Немного погодя Элизабет внезапно осознала, что куда-то забрела. Нигде не было видно ни Дугласа, ни лошадей. За набежавшими облаками солнце клонилось к западу, смеркалось, но Элизабет не очень встревожилась. Если пойдет дождь, она укроется под деревьями, а Дуглас, конечно, не поедет дальше без нее. Нужно его наказать — пусть в другой раз не называет ее этим противным именем. Она уселась на большом валуне и принялась ждать, отыскивая при этом все больше оснований обвинять во всем Дугласа.

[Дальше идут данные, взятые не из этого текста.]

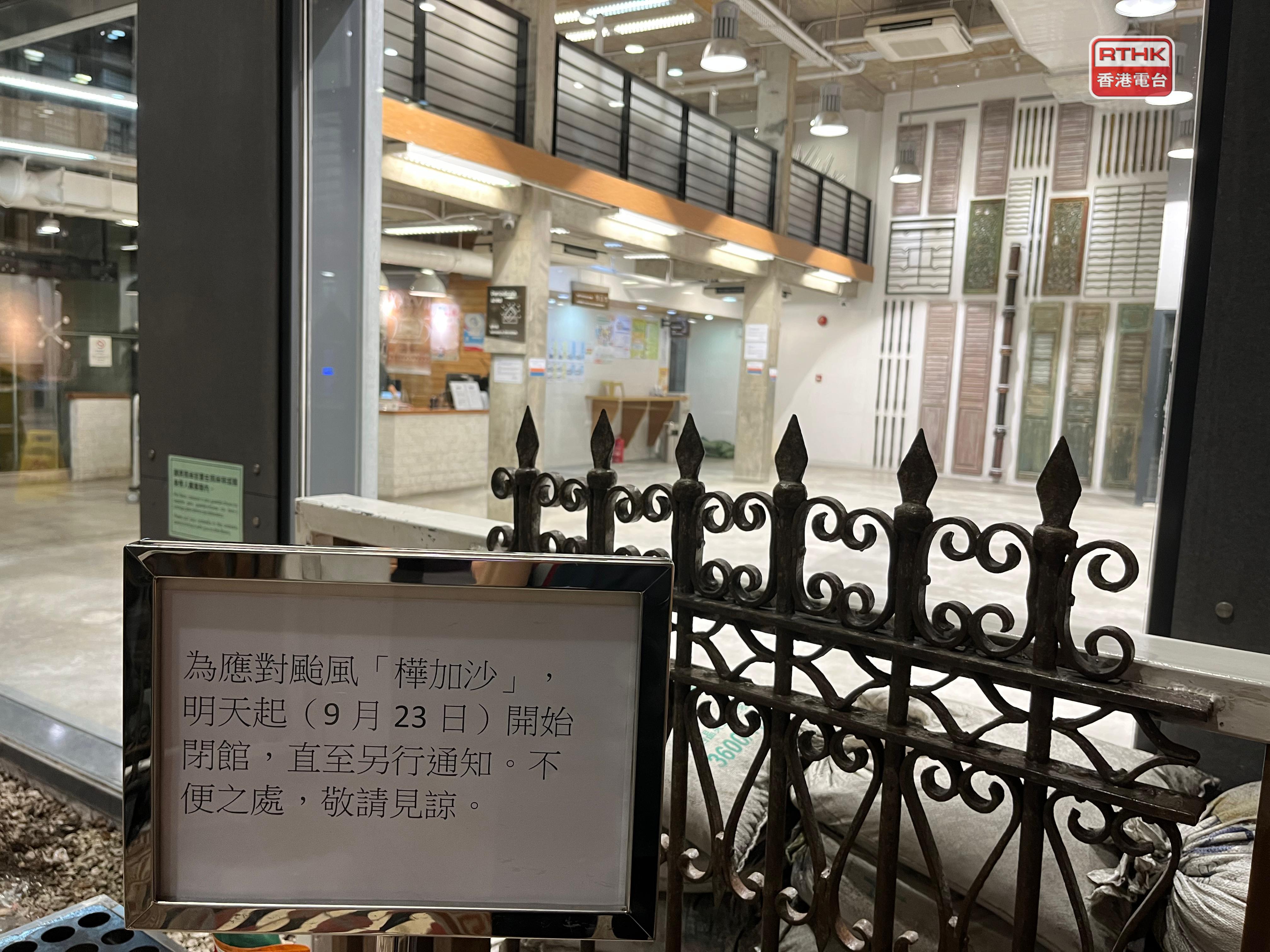 因應大機會出現水浸,澳門位於低漥區的公共圖書館,昨晚已清空地面層的閱讀區設施和圖書。(鄭月明攝)

Мало-помалу раздражение ее стихло — суровость окружающего охватила ее. Она закрыла глаза; легкий ветерок колыхал заросли прибрежного тростника, в воздухе пахло сосной, вереском и струящейся водой. Плечи Элизабет расслабились, ломота в затылке постепенно прошла, и она предалась мечтам о своем будущем доме. Он должен быть сложен из серого песчаника, над передней дверью — веерообразное окно; высокие узкие окна будут выходить на оживленную улицу — их стекла будут сверкать в утреннем солнце, как бриллианты. Сзади, за высокой стеной у нее будет сад, ее личный райский сад со скамьей, увитой плющом, где она будет часами сидеть за книгой летним днем, вдыхая смешанные ароматы жимолости и жасмина, сирени и лаванды, растущих вокруг. Дом будет стоять в фешенебельном месте, но все же вдали от городской толчеи, рядом с парком, так что по утрам она сможет совершать прогулки верхом, пока на улице никого нет, кроме уличных торговцев.

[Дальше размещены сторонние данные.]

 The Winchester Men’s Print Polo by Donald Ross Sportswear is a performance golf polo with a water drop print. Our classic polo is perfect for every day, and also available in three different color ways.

Это будет ее собственный дом.

«Интересно, — подумала девушка, — каково это — жить своим домом, ни на кого не рассчитывая?» Она задумалась о всяких заманчивых вещах, которые ей предстоит увидеть и узнать, об интересных людях, с которыми она будет встречаться. Обзаведется ли она любовником?.. «А почему бы и нет?» — спросила себя Элизабет.

Она настолько погрузилась в свои мысли, целиком поглощенная своими планами, что не услышала звука приближающихся шагов у себя за спиной, пока не раздался чей-то грубый голос, разом вернувший ее к действительности:

— Ты только взгляни, Броуди! Сдается мне, это, никак, фея, матушка часто рассказывала мне о них, когда я был мальчонкой.

Элизабет обернулась.

— Нет, это не фея, Мердок. Похоже, это смазливая сакская девчонка. Сидит в лесу одна-одинешенька и ждет, пока мы не подойдем к ней и не покажем, что может ей дать настоящий шотландский парень.

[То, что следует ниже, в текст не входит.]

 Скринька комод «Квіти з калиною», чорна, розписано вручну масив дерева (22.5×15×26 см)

Элизабет обернулась как раз тогда, когда из-за стены деревьев в двух шагах от нее появились двое мужчин.

Как же она не услышала их приближения?

На них были килты в зеленовато-коричневую клетку, поэтому они казались почти неотличимыми от деревьев. Лица у них были угрюмые, длинные волосы косицами свисали из-под помятых синих шляп. Курток на них не было, костлявые плечи прикрывали только большие пледы и грубые холщовые рубашки, рваные и грязные. У каждого на боку висели ржавый палаш и пистолет. Когда они подошли ближе, Элизабет поняла, что на клинках вовсе не ржавчина, а скорее запекшаяся кровь.

Солнечный свет померк в глазах девушки. Даже птицы на деревьях внезапно замолчали. Сердце Элизабет бешено забилось, хотя она и велела себе сохранять спокойствие и не выказывать страха.

Что-то подсказало ей, что, если она выкажет свой испуг, тогда пиши пропало.

— Добрый вечер, джентльмены, — проговорила она самым спокойным и приятным голосом, каким только смогла. Потом откашлялась и попыталась улыбнуться: — Спасибо за компанию, но мне пора. Здесь очень красиво, и я приятно провела время, но уже вечереет, и мне нужно вернуться к мужу.

Надежность, которая скрывалась в слове «муж», придала Элизабет силы. Она медленно встала с валуна, на котором сидела, и попыталась уйти.

— Ясное дело, но вы могли бы побыть тут еще малость, девушка.

Элизабет покачала головой:

— Ах нет, боюсь, это невозможно. Видите ли, я обещала мужу, что отойду на минутку, а прошло уже гораздо больше времени. Всего хорошего.

Элизабет повернулась и пошла прочь. Она решила идти не по тропинке через лес, а по берегу ручья, где не было деревьев. А вдруг ей придется бежать? К несчастью, там, где она стояла, ручей был слишком широк, а течение — слишком быстрое, и она не смогла бы перебраться на ту сторону, чтобы оказаться подальше от этих бродяг. Юбки у нее такие тяжелые, что ей не дойти и до середины ручья. Поэтому она высоко подхватила юбки и быстро пошла вдоль берега.

Перед ней простиралась безлюдная местность, поросшая густым лесом. Где же Дуглас? Где лошади? Она даже не была уверена, что идет в правильном направлении. Элизабет оглянулась, услышав за собой шаги, и встревожилась, увидев, что бродяги идут следом. Они ухмылялись: спешить им было ни к чему. Они просто шли с той же скоростью, что и она, так что, как она ни старалась, расстояние между ними не увеличивалось.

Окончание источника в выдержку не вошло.